> **Task directions**
Give the data below again exactly as it stands. Omit the pictures.

> **Data block**
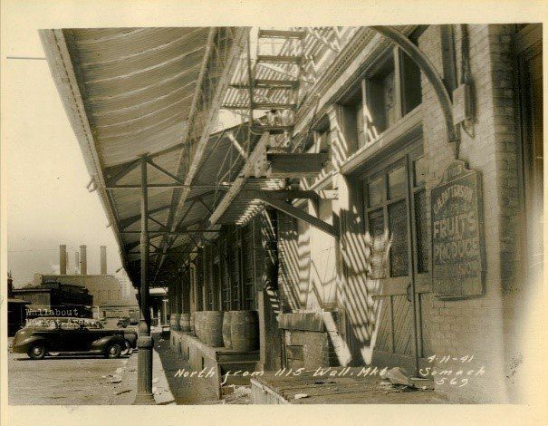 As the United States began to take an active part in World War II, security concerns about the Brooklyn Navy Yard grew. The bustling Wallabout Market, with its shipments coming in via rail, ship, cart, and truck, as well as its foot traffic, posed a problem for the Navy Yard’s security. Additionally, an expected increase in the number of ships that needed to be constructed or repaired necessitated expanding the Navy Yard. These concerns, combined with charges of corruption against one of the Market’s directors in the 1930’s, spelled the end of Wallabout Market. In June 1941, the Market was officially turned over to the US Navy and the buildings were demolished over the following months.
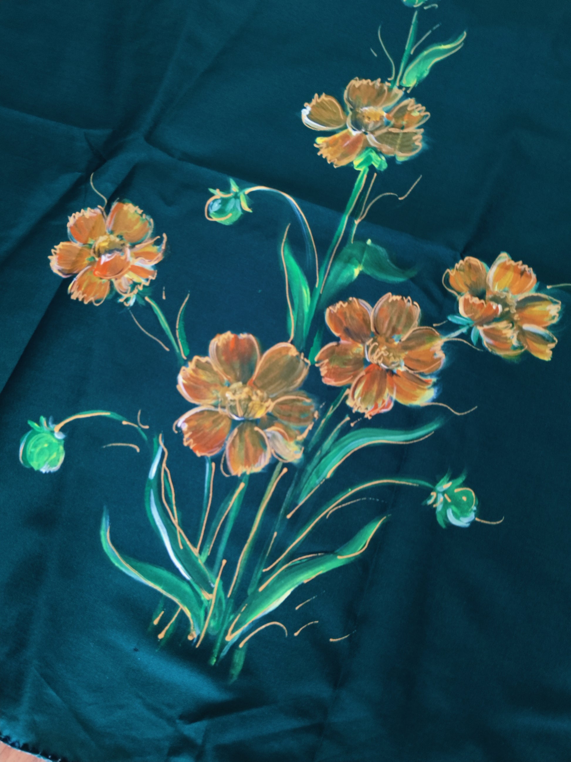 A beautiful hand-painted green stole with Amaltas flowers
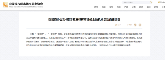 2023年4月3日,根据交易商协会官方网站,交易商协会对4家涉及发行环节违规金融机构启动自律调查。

> **Solution to this task**
 As the United States began to take an active part in World War II, security concerns about the Brooklyn Navy Yard grew. The bustling Wallabout Market, with its shipments coming in via rail, ship, cart, and truck, as well as its foot traffic, posed a problem for the Navy Yard’s security. Additionally, an expected increase in the number of ships that needed to be constructed or repaired necessitated expanding the Navy Yard. These concerns, combined with charges of corruption against one of the Market’s directors in the 1930’s, spelled the end of Wallabout Market. In June 1941, the Market was officially turned over to the US Navy and the buildings were demolished over the following months.
 A beautiful hand-painted green stole with Amaltas flowers
 2023年4月3日,根据交易商协会官方网站,交易商协会对4家涉及发行环节违规金融机构启动自律调查。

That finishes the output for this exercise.